Without any pictures, print the lines below from the one that has "On day three" through the one that has "湖人 VS 鹈鹕(-9.5)", exactly and nothing else.

Dataset entries
******

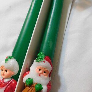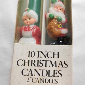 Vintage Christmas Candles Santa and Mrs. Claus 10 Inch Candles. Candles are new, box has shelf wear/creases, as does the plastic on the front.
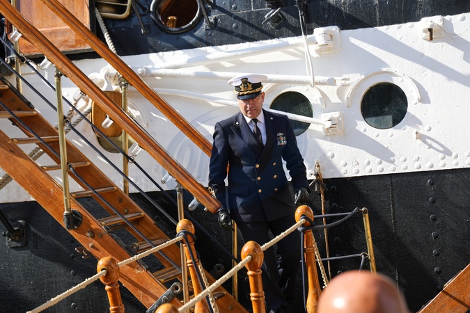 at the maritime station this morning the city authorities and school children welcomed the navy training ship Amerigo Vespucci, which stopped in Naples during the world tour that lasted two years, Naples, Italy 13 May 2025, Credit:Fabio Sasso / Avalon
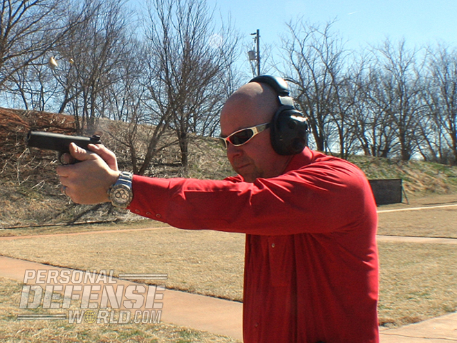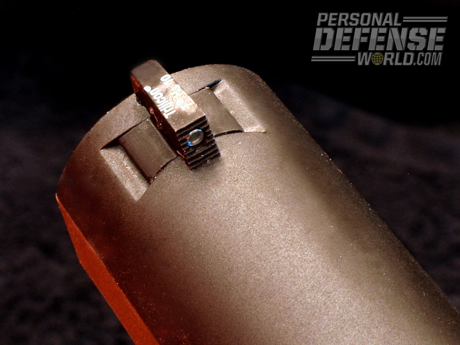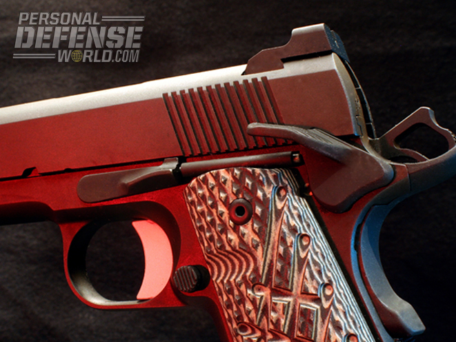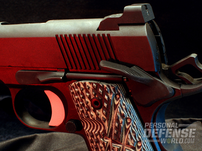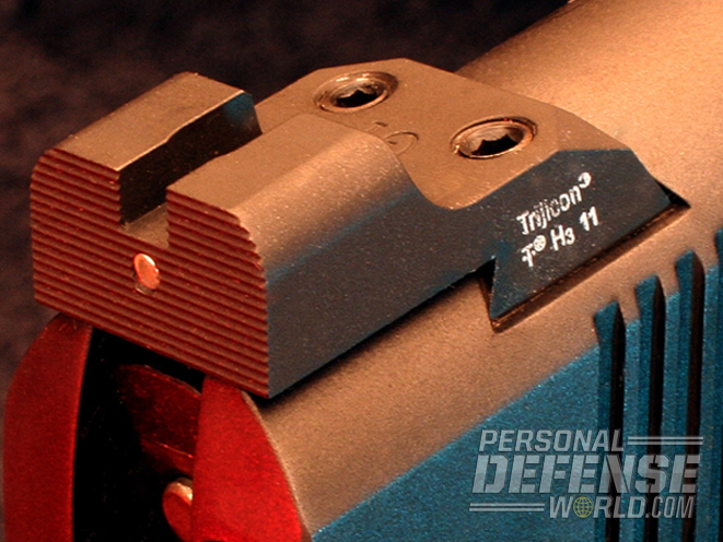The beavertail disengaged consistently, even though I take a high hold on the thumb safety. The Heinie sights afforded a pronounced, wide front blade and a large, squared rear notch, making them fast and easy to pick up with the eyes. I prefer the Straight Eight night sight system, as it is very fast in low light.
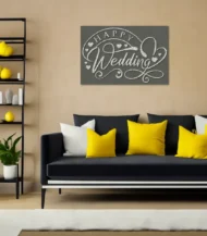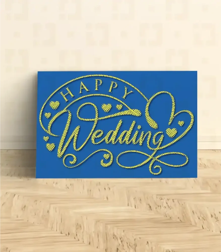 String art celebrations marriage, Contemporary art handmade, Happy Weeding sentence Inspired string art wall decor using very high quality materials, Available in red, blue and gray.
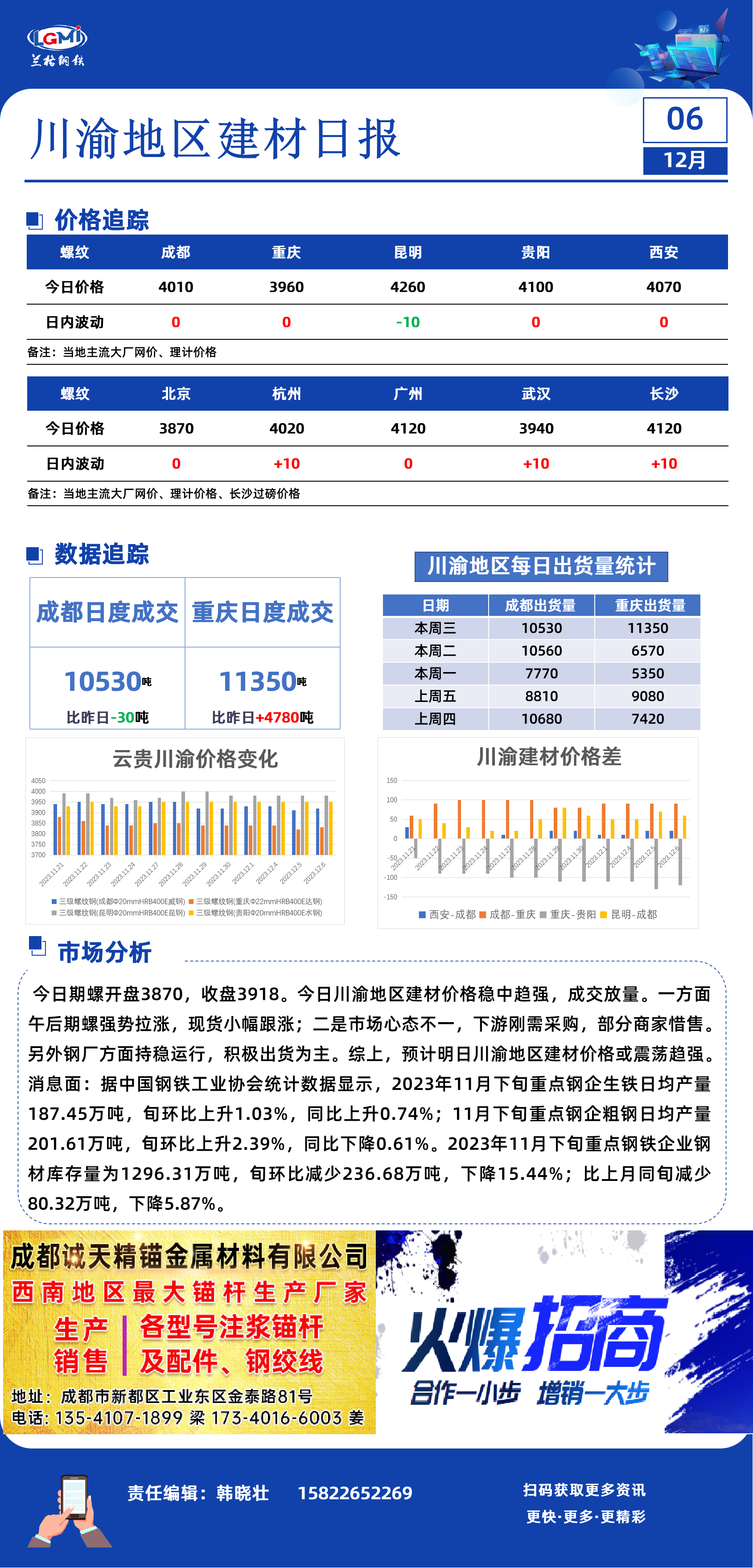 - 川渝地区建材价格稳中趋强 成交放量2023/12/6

******

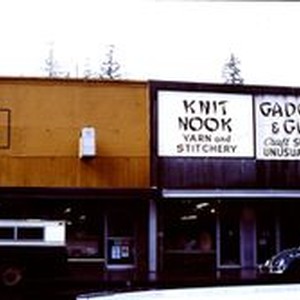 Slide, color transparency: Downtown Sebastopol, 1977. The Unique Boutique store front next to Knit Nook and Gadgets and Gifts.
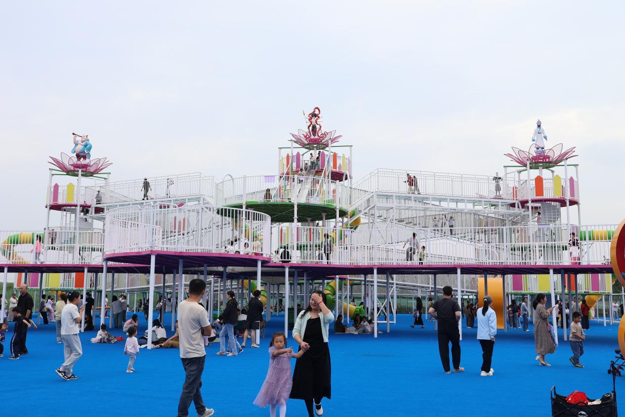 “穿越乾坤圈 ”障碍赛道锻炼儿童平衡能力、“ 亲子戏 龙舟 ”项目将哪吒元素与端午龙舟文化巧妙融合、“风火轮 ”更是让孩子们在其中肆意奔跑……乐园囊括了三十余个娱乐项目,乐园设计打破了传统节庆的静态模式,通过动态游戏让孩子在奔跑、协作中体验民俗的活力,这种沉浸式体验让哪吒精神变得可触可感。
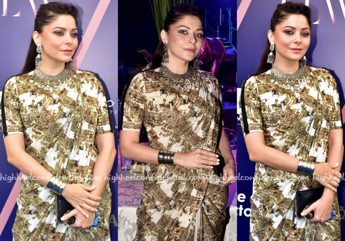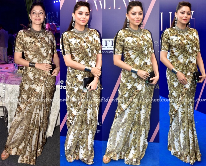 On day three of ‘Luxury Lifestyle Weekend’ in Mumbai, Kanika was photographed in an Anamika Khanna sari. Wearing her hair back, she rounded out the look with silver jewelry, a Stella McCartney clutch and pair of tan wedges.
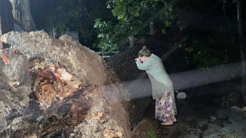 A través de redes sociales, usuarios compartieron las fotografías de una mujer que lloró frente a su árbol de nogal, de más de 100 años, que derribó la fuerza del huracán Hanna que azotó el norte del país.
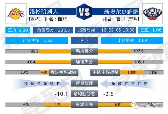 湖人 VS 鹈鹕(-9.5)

******

**Response to the exercise:**
 On day three of ‘Luxury Lifestyle Weekend’ in Mumbai, Kanika was photographed in an Anamika Khanna sari. Wearing her hair back, she rounded out the look with silver jewelry, a Stella McCartney clutch and pair of tan wedges.
 A través de redes sociales, usuarios compartieron las fotografías de una mujer que lloró frente a su árbol de nogal, de más de 100 años, que derribó la fuerza del huracán Hanna que azotó el norte del país.
 湖人 VS 鹈鹕(-9.5)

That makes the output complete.